## [RECORDED INFORMATION]

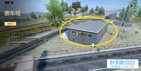 城中有湖水波清秀,湖中有城风光旖旎。水城也是一处官方地图没有标注的地域,为图一中红色圈内的区域。水城是全图中唯一一处水陆交融的小城,是考验玩家战略部署灵活多变的最强地域。在这里会刷新水陆两用步枪(水陆两用武器刷新点为靠水的地域,普通地域不会刷新),需要玩家依据当前形势选择武器。上图黄圈内房屋可观察四面敌方动向,具有高点优势,且周围地势凹凸,方便撤离。 六、赛车场
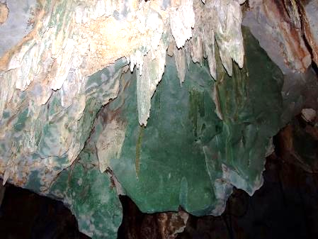 ตลอดช่วงฤดูฝนความชุ่มชื้นจะทำให้โถงถ้ำเต็มไปด้วยประติมากรรมหินย้อยสีเขียวเข้มราวกับอัญมณีมรกตอันงดงามลอยเด่นอยู่เบื้องหน้า
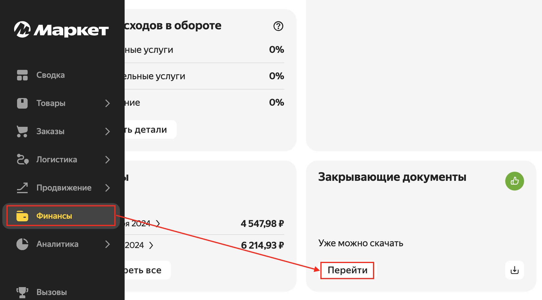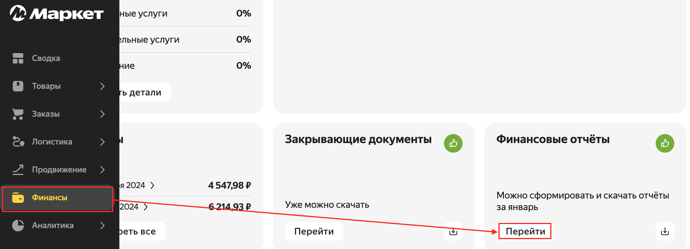 Полностью сверить выручку вместе с баллами по закрывающим документам не получится (в них нет баллов, только реальные деньги), для этого нам потребуется Отчет по платежам. Перейдите в раздел Финансовые отчеты:

## [AIM OF THE EXERCISE]
Starting with the line that contains "ตลอดช่วงฤดูฝนค", reproduce every line down to the end of the listing above, both endpoints included. Pictures stay out.

## [YOUR SOLUTION]
 ตลอดช่วงฤดูฝนความชุ่มชื้นจะทำให้โถงถ้ำเต็มไปด้วยประติมากรรมหินย้อยสีเขียวเข้มราวกับอัญมณีมรกตอันงดงามลอยเด่นอยู่เบื้องหน้า
 Полностью сверить выручку вместе с баллами по закрывающим документам не получится (в них нет баллов, только реальные деньги), для этого нам потребуется Отчет по платежам. Перейдите в раздел Финансовые отчеты:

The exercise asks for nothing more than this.